I derive this story from an ancient Greek myth about a goddess named Eurydice, daughter-in-law of Apollo. It's a story about Platonic love so i believe an ancient Greek myth should be the perfect ingredient to add some antique/mysterious element to my story imho (because Plato was a philosopher of the ancient Greece)

I chose Scarlett as the protagonist of my story because her life itself is legendary enough. she was born in an immigrant family and she has a twin brother who was born just 3 minutes after her. She showed excellent talent in acting at a very young age, but also obtained some bad habits (smoking, for example). Her childhood ain't full of happiness i think, and i'll use two or three short paragraphs to describe it briefly in my story so you guys will know her better, and will find it easier to realize why/how she made that decision near the end of story. i'll basically skip her blossoming years from 2003 up to now because you guys already know much about it.

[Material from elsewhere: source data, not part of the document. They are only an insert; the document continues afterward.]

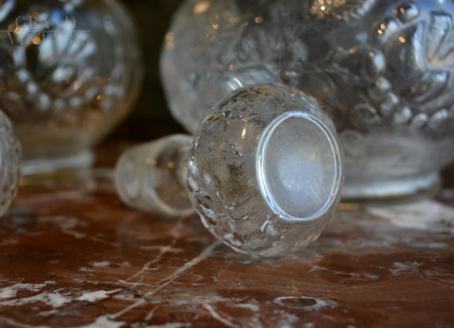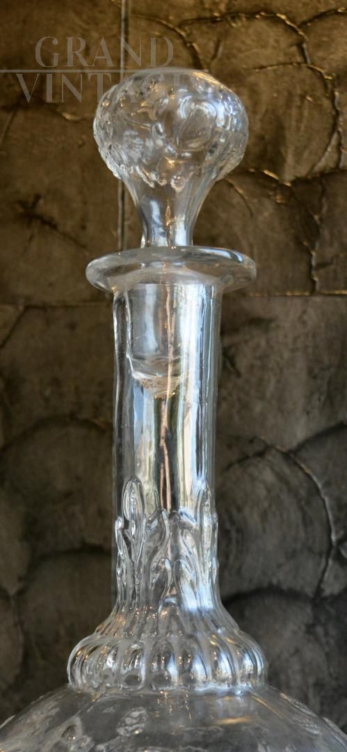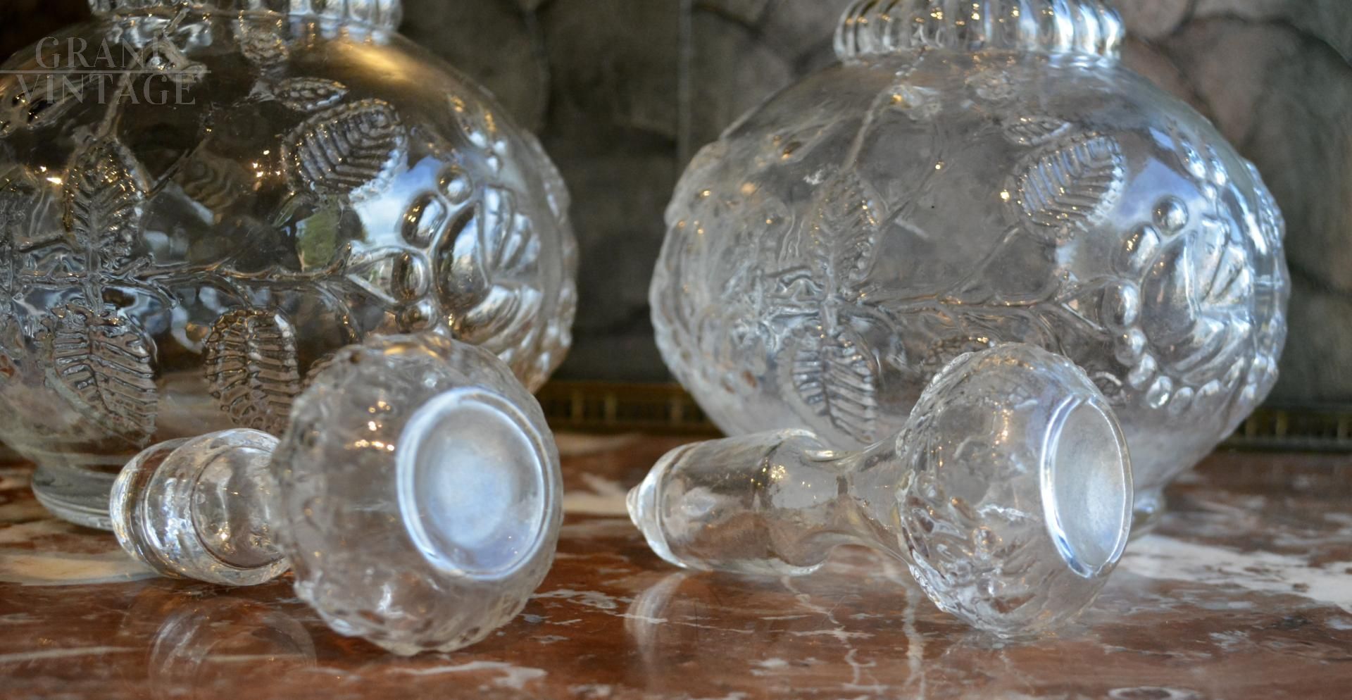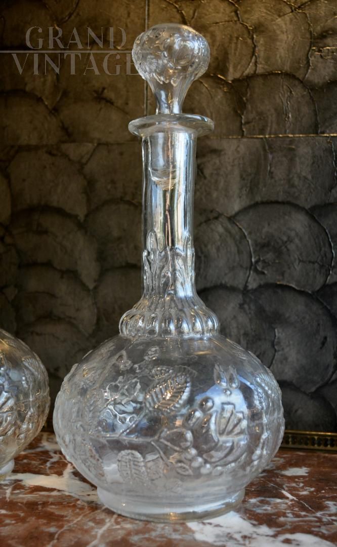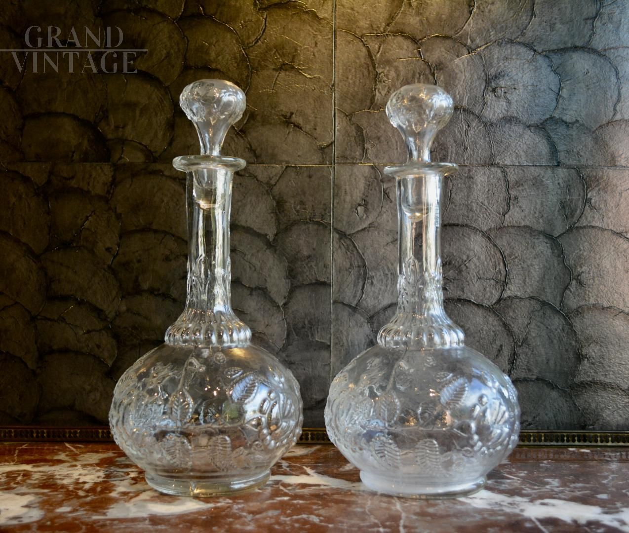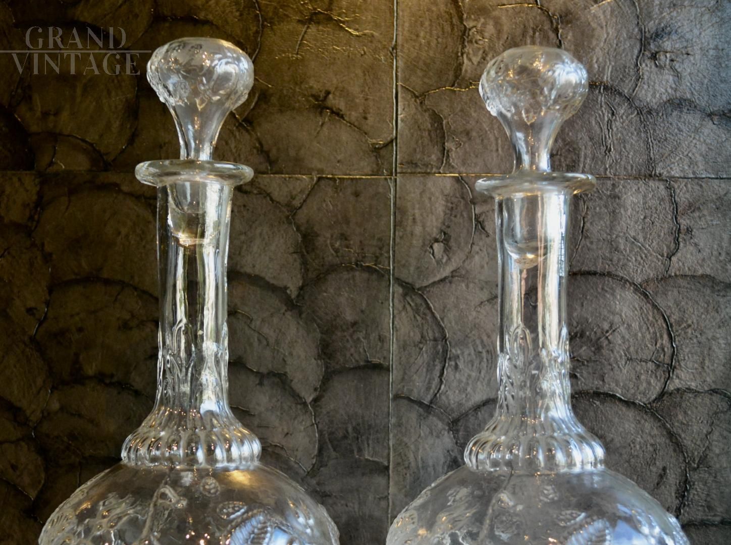 Coppia di bottiglie da vino del XX secolo in vetro molato e decorato, complete dei tappi originali, in perfette condizioni. Le misure fornite sono con il tappo inserito.
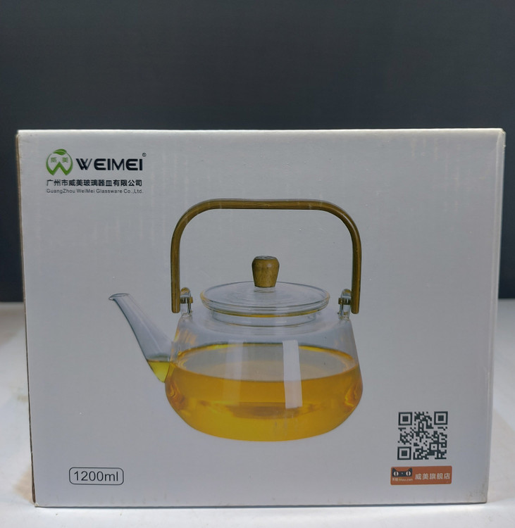 قوری زیبا ی پیرکس که دسته ی چوبی دارد.شعله مستقیم است و دارای صافی پیرکس میباشد .حجم ۱۲۰۰ میلی لیتر
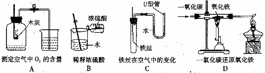 (2)A中可燃物應(yīng)取過量的原因是______________________;B中玻璃棒的作用是_____;一段時間后,C中的實驗現(xiàn)象為___________________________________;D中硬質(zhì)玻璃管內(nèi)發(fā)生反應(yīng)的化學方程式為__________________________________,酒精燈的作用是_____________________。
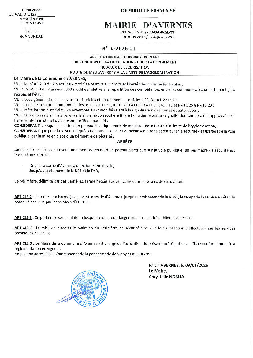 Fermeture temporaire route RD43 Avernes Frémainville
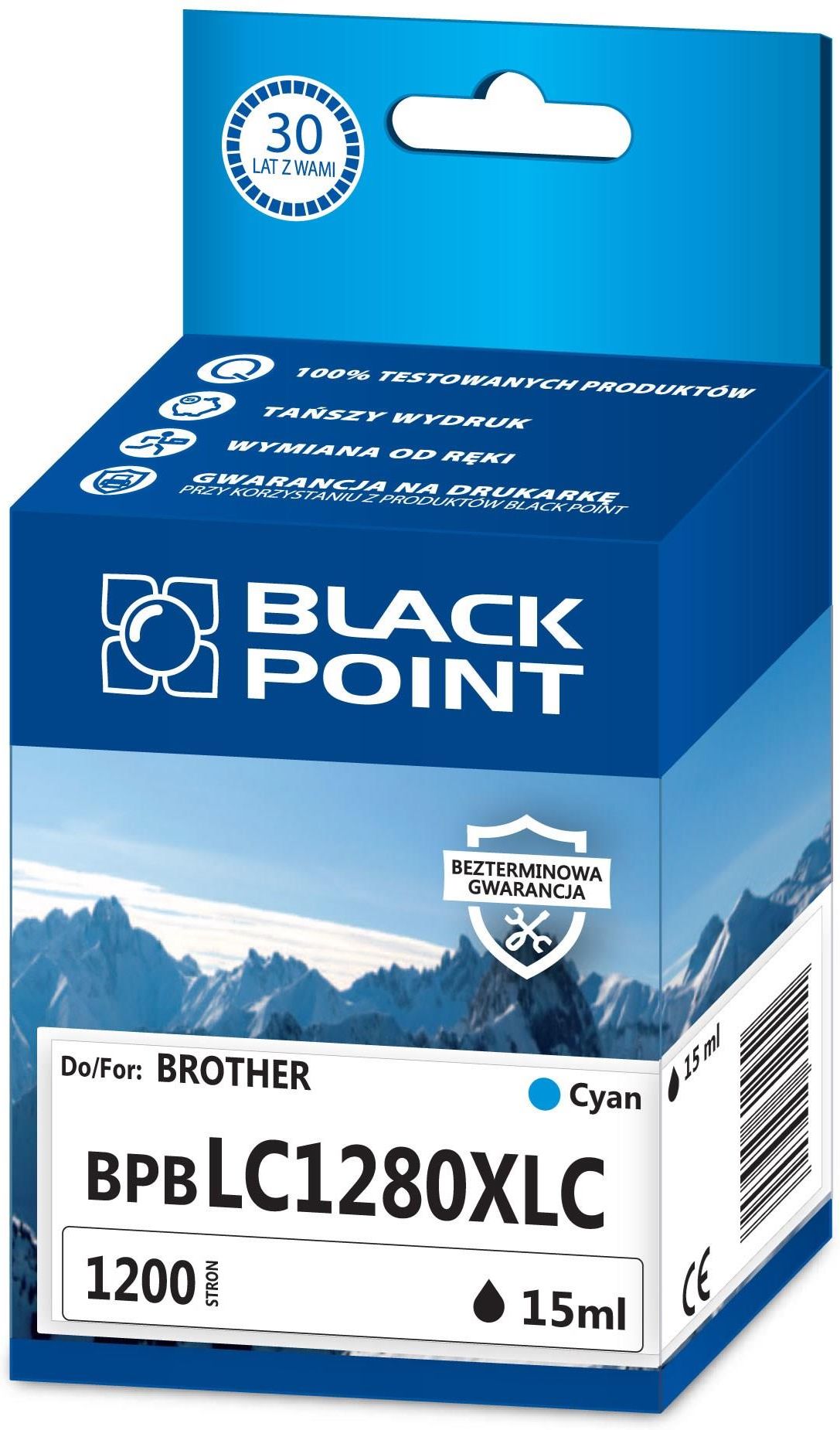 CYAN Tusz Black Point do LC-1280CZastępuje : LC-1280CKod producenta : BPBLC1280XLCKolor : CYANNie trzeba nic kombinować: wkładasz do drukarki i działaPOSTAW NA BEZPROBLEMOWĄ PIĄTKĘ I ODKRYJ DRUKOWANIE Z BLACK POINT: Bez niespodzianek – nie chodzimy na skróty, dlatego ręczymy za każdy nasz produkt, a Ty cieszysz się perfekcyjnym wydrukiem.Bez czekania – awarie zdarzają się nawet najlepszym, ale z Black Point nie musisz martwić się na zapas. W ciągu 24 godzin dostarczymy nowy produkt wprost pod Twoje drzwiBez usterek – jeśli Twoja drukarka wydaje niepokojące dźwięki, a korzystasz z naszych tonerów – bierzemy to na siebie! Naprawimy Twój sprzęt, a w międzyczasie możesz bezpłatnie korzystać z urządzenia zastępczego.Bez stresu – używasz tonerów BP Zgłoś się do programu „Extra 6" i zyskaj dodatkowe pół roku gwarancji na drukarkę laserową.Bez straty czasu – nie wiesz, jaki toner wybrać Twoja drukarka nie pracuje tak, jak powinna Skorzystaj z naszego koła ratunkowego i dzwoń śmiało na Infolinię pod nr. tel. 800 166 054.BLACK POINT – BEZ PROBLEMU!
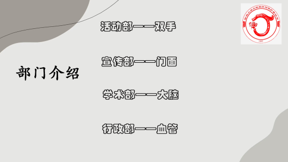 接着,由活动部刘彦辰同学、宣传部郭文卓同学、学术部周雪淳同学及行政部宋妤僖同学详细介绍部门职能和工作需求。文保协会下设四个部门,分别是活动部、宣传部、行政部和学术部,各部门各司其职又互相合作,协作举办一系列高质量的活动。各位负责人讲解有趣,收到热烈反响。
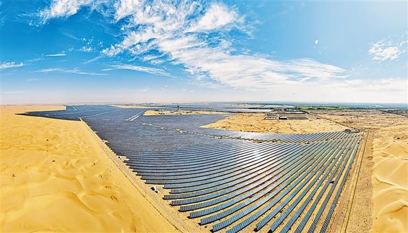 7月9日,中卫市沙漠光伏产业园内,整齐排列的光伏板形成了沙漠中的“海洋”。近年来,我区在保护好生态环境的基础上开展光伏治沙试点,科学发展沙产业,从植被恢复、节能减排、观光旅游协调推进中实现光伏治沙、经济效益和社会效益的共赢。记者 王猛 摄
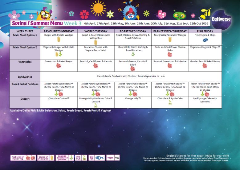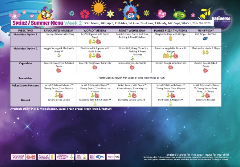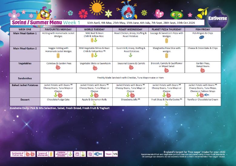 Please note: you must order school meals by midnight on Thursday for the following week to enable the kitchen to place their food order.
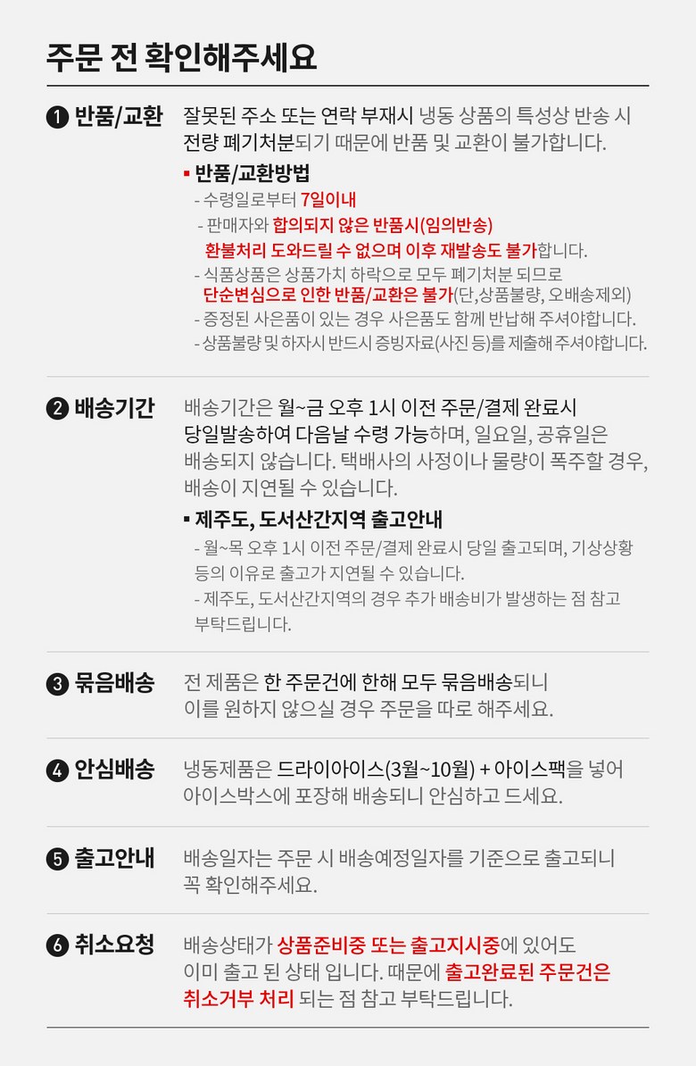 | 교환/반품 비용 (왕복비용) | 6,000원 - 단, 고객 변심의 경우에만 발생 - 도서산간 및 일부 지역 추가비용 발생 - 부분반품 시, 남은금액이 무료배송 조건을 유지하면 편도 배송비용만 부과 |
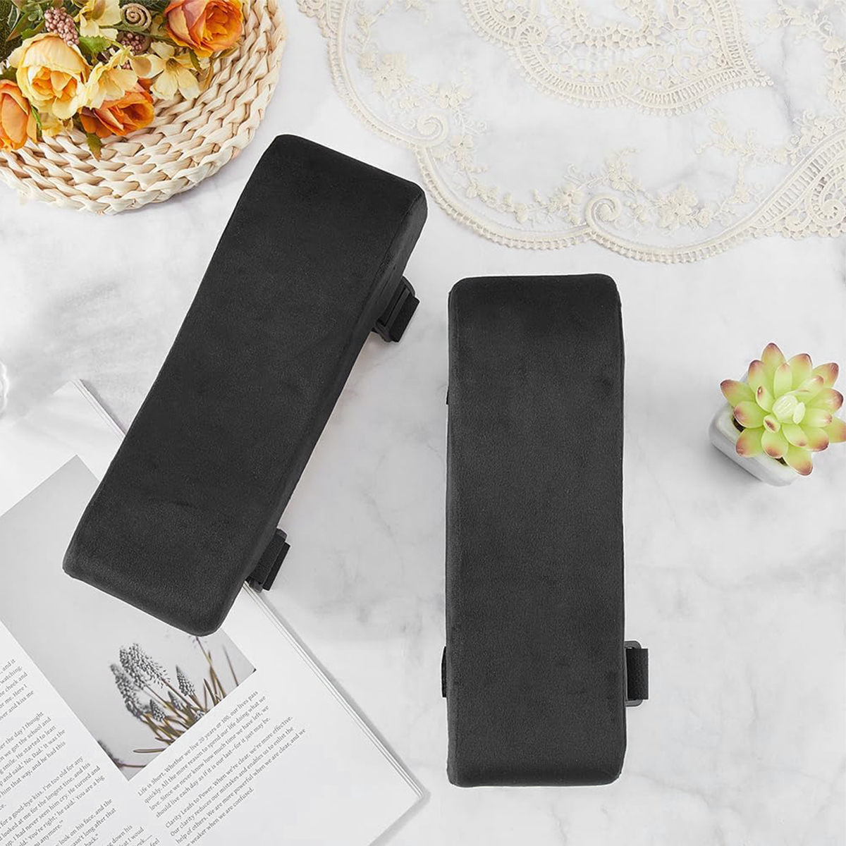 ⭐2x Універсальні підлокітники, універсальні для подушок для крісла, 2 шт. Ергономічні м’які для офісного крісла, чорні

I'll start an official "Scarlett Johansson story" thread a couple days later. i'll keep my story updated on a daily basis, and i'll be happily and humbly listening to suggestions from you guys. Platonic love isn't selfish so we can share the love for her just like the love for spurstalk. She's a gift from the God, a blessing to us all.

Reck
06-02-2013, 11:38 PM
You posts are becoming less and less funny.

Rogue
06-03-2013, 12:40 AM
You posts are becoming less and less funny.
yes, that's probably true. the obsession with Scarlett has been eroding my brain gradually. i can't sleep well with all those Scarlett stuffs filled in my head and it hurts me so bad :cry. if you only read my posts before because you thought they were funny, then im a good target for you to troll now. and if you're sincerely a Scarlett Johansson fan like i am, you should have sympathy on me.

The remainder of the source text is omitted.